新本格ミステリ。
とんでもないどんでん返しが、最後に用意されていることの多いジャンルです。
【感想】たった1行で世界がひっくり返る(綾辻行人『十角館の殺人』)論理的に犯人を追及していくものの、とんでもない真実が浮かび上がってきます。
どんでん返しがある以上は、「ズルい」「アンフェアだ」という意見もつきまといます。
主には、小説ならではのトリックですが、個人的には好きなジャンルです。
今回はその中でも、特にうまくしてやられた作品を紹介します。
倉知淳『星降り山荘の殺人』です。
雪に閉ざされた山荘に、UFO研究家、スターウォッチャー、売れっ子女性作家、癖の強い面々が集められた。
交通が遮断され電気も電話も通じなくなった隔絶した世界で突如発生する連続密室殺人事件!
華麗な推理が繰り出され解決かと思った矢先に大どんでん返しが!?
見事に騙される快感に身悶えする名作ミステリー。(「BOOK」データベースより)
よくあるクローズドサークルなのだが
本作の舞台は大雪で孤立を余儀なくされた山荘。
いわゆるクローズドサークルです。
広告代理店で働く杉下は、上司とのトラブルが原因で左遷されてしまいます。
左遷先での仕事は、スターウォッチャー・星園のマネージャー業務。
星園は文化人として人気のタレントでした。
星園の仕事として、彼らはオープン前の山荘を訪れます。
イベントでは、小説家やUFO研究家らが集まっていました。
その山荘で事件は起きました。
招待主の会社の社長が何者かに殺害されたのです。
助けを呼ぼうにも外は大雪。この中に犯人がいるのなら探し出そう。
杉下と星園は推理を始めるのでした。
ナレーションがあるので読み進めやすい
本作には少し変わった演出が施されています。
章の冒頭にナレーションがついています。
例えば、小説の1番最初のシーン。
まず本編の主人公が登場する
主人公は語り手でありいわばワトソン役
つまり全ての情報を読者と共有する立場であり
事件の犯人では有り得ない
このように、各章がどのように進んでいくのか?を明記しています。
「何のための章なのか?」がわかりやすくなっています。
こうした演出のおかげですんなりと物語に入っていけるでしょう。
嘘偽りが一切ないからスゴイ
冒頭でお話の通り、本作のどんでん返しはとんでもないです。

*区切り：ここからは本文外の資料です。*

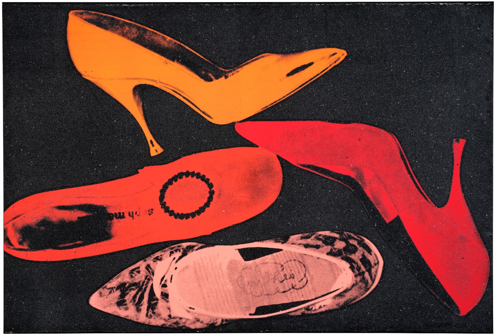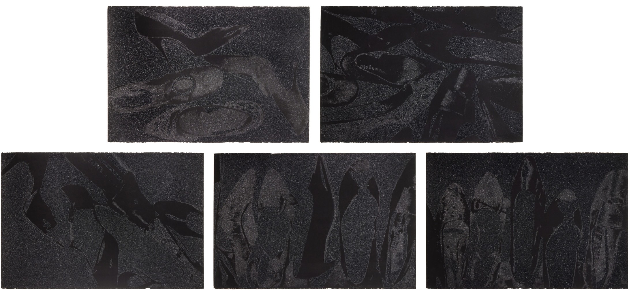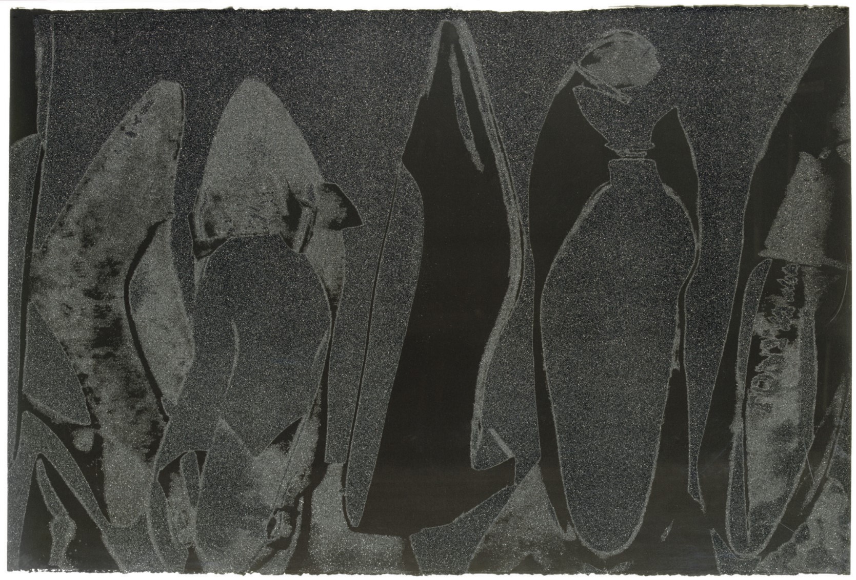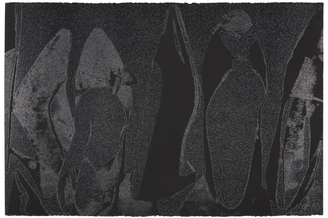 The series features pump profiles silhouetted on black backgrounds with diamond dust. Two of the five images in the series limit the color to black on black, and white on black, highlighting the shoes shapes in both stark and subtle contrast. The diamond dust, ordered from an industrial supply company in New Jersey, was ‘faux’ made of pulverized glass that glistened just to Warhol’s specifications. The marriage of the two, diamond dust and Warhol’s foremost subject—shoes—combined his modest beginnings with the glamour of Studio 54 stilettos.
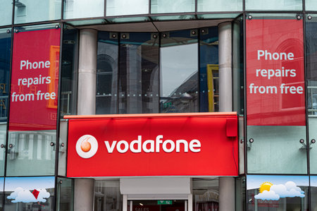 Cork, Ireland- July 14, 2021: The sign for Vodafone store in Cork city
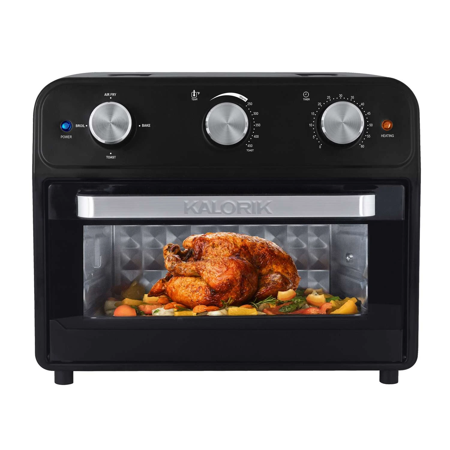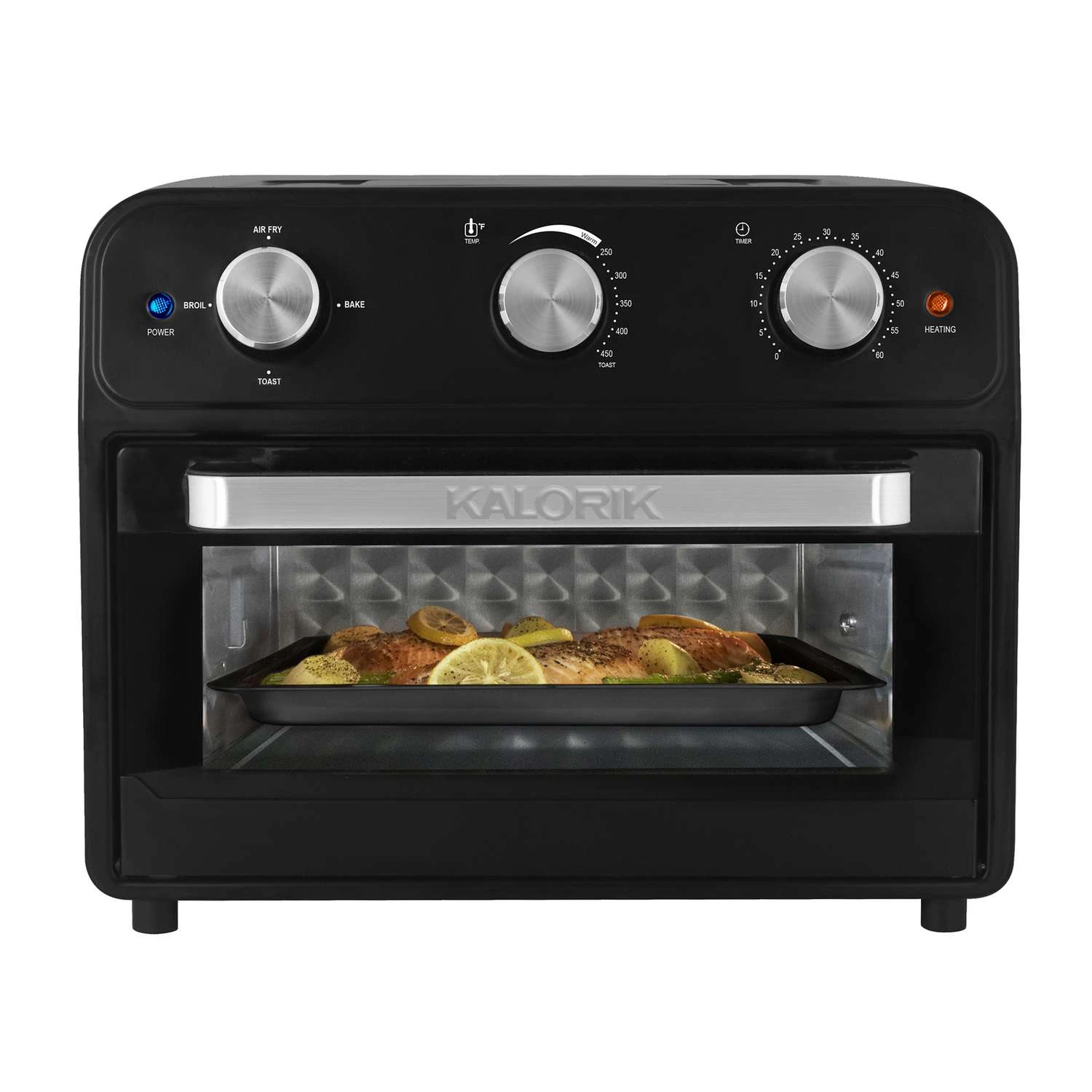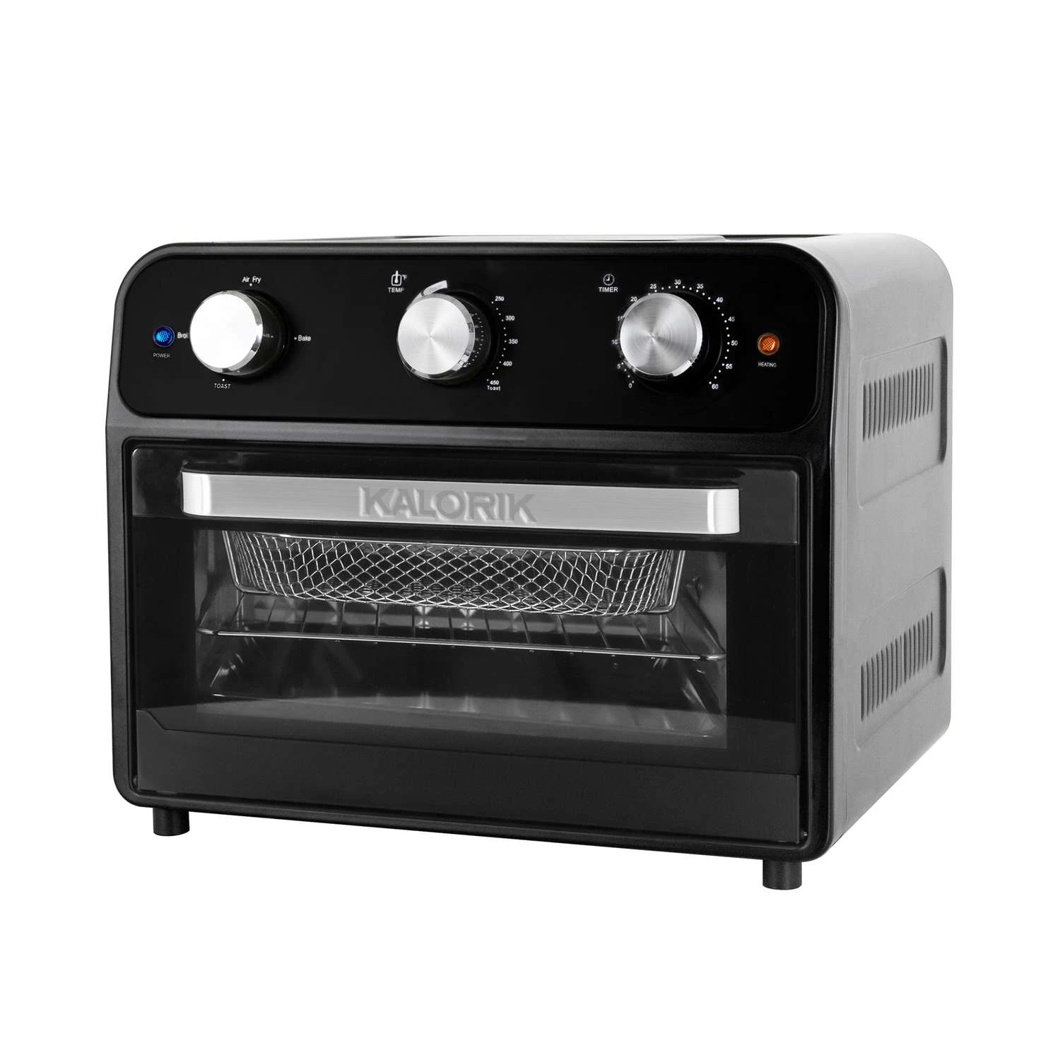 Fry, bake, toast and broil with the Kalorik 22 Quart Air Fryer & Toaster Oven. This innovative and multifunctional appliance uses Rapid Hot Air Technology to cook food faster and make meals healthier. The air frying mechanism works by circulating super hot air around your food. This delivers the same crispy texture and rich flavor of your favorite fried foods – with little to no oil. That means less fat and calories! The Kalorik 22 Quart Air Fryer & Toaster Oven not only functions as an air fryer, it can also be used as your regular, everyday toaster/convection oven. The appliance features easy-to-use chrome-plated knobs with toast, air fry, bake and broil functions. The Kalorik 22 Quart Air Fryer & Toaster Oven contains six heating elements – four on top, two on the bottom. A built-in 60-minute timer and adjustable thermostat of up to 450°F let you customize cooking for every dish. Meanwhile, a glass door allows for easy monitoring. An auto-shutoff safety feature automatically stops operation when the door is open. The appliance comes with a baking pan, air frying basket, air rack, tray handle and crumb tray. Multi-functional air fryer oven can fry, bake, toast and broil Rapid hot air technology cooks food up to 30% faster Creates perfectly crisp fried food with little to no oil, reducing fat by up to 75% Can be used as your everyday toaster/convection oven Chrome-plated knobs feature a 60-minute timer and adjustable thermostat (250F-450F) Glass door let you easily monitor food while cooking Auto-shutoff safety feature automatically stops operation when door is open

笑
普通、思いついてもやらないんじゃないかってくらい繊細に練られています。
もっとも感服したポイントは、読者に対して嘘が一切ないということ!
一般的な叙述トリックは騙す仕掛けが各所に施されています。
本作は(もちろん仕掛けはあるのですが、)嘘をつかずにしっかり騙してくれます。
あまりにもストレートな仕掛けに、つい「ふざけんな!」と思ってしまうことでしょう。笑
Amazonのレビューがあまり良くないのですが、個人的には大好きな騙し方でした。
映像化したら良い感じになるんじゃないかなとも思います。
どんでん返し系も一通り読んで、何となくトリックのタネに気付き始めた人にはオススメです。
そういう人ほど、このトリックには気づけないことでしょう。
新しい騙され方をぜひ堪能してみてください!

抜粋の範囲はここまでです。